The VA has also placed suicide prevention centers in over 150 hospitals across the country and has hired over 3,700 mental health physicians in order to increase the response to the prevalence of mental illnesses among veterans of the wars in both Iraq and Afghanistan. The recent hiring brings the total number of mental health physicians affiliated with the VA to more than 17,000.
“The issue of veteran suicide is a very difficult area to address,” said Romberg. “It's painful to think about not being able to sleep at night and not being able to close your eyes because every time you do, you see the horror you experienced during combat. Our society is challenged when we have to wrap our brains and emotions around what our veterans are experiencing, and we’re still learning to understand what’s happening.”
However, despite efforts from the VA and the DOD, as well as from hundreds of veterans’ organizations across the country, the prevalence of mental health issues and suicide rates remain at an all-time high, said Childress.
According to a recent study issued by the Research and Development Center for Military Health Policy Research, 20% of the current veterans of the wars in Iraq and Afghanistan have PTSD or a similar psychological illness.
One of the greatest challenges to treating war veterans who are suffering with mental illnesses and PTSD remains the method of approaching the needs of Iraq and Afghanistan war veterans versus the needs of veterans from previous conflicts, such as Vietnam, said Childress.

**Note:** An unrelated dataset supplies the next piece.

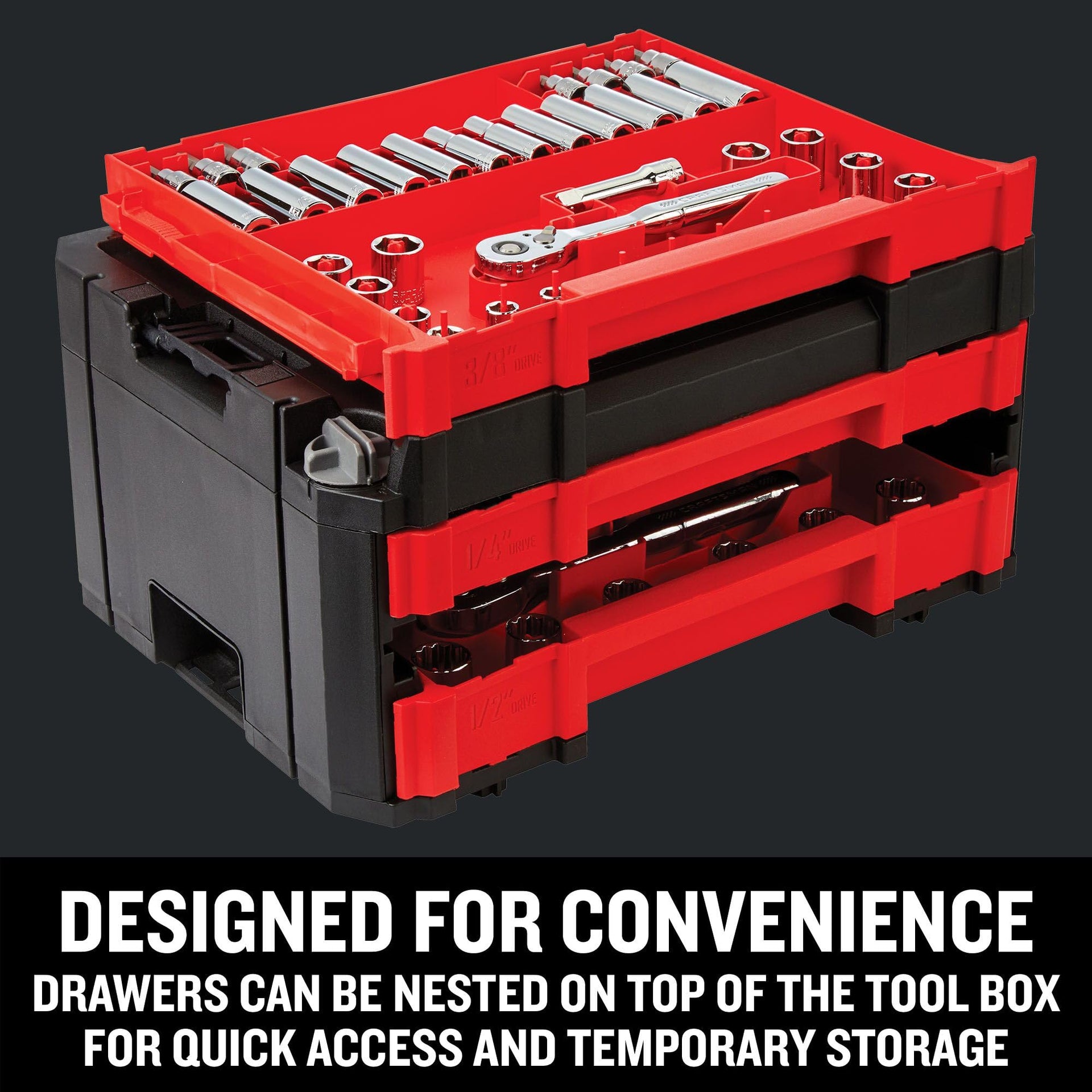 Details: This all-in-one 3-drawer mechanics' 262-piece tool set will help your garage or workshop run like a well-oiled machine. Auto enthusiasts and master mechanics alike will appreciate 1/2 drive socket set, 1/4 drive socket set, 3/8 drive socket set the low profile 1/4-in., 3/8-in. and 1/2-in. drive 72-tooth ratchets with 5° arc swing. Designed for security and ease of use, its drawer lock dial quickly anchors the drawers in place when not in use to help prevent contents from falling out. We’ve also incorporated a drawer stop system that allows drawers to be easily removed. Drawers open with one hand and can nest on top of the box for easy access and temporary storage. Compatible with the CRAFTSMAN VERSASTACK storage platform allowing for many different combinations of storage solutions * 1/4" dr & 3/8" dr only as compared to cmmt81747, CMMT81748, & CMMT81749

“We’re now facing a different type of conflict,” Childress said. “Our veterans leave to serve for two or three terms, and now we’re seeing that there are lots of men and women of the National Guard who are serving, which we’ve never really seen before.”
Recent approaches to the recovery process for veterans of the wars in both Iraq and Afghanistan have ranged from standard medical treatment options to “virtual treatment,” in which veterans view simulations of their war experiences in efforts to make their memories more bearable, said Romberg.
“We see so much violence on television that I feel that we don't really relate to what’s happening in our reality anymore,” Childress said. “You can watch movies about what’s going on in Iraq and Afghanistan, you can read books, you can see the news but, the truth is, you can then turn around and finish your dinner in your secure home and still disconnect yourself from what’s going on. For those men and women who were there, dealing with what they’ve had to face in combat, can put incredible pressures on themselves, especially those who were already struggling with psychological issues before they went to serve.”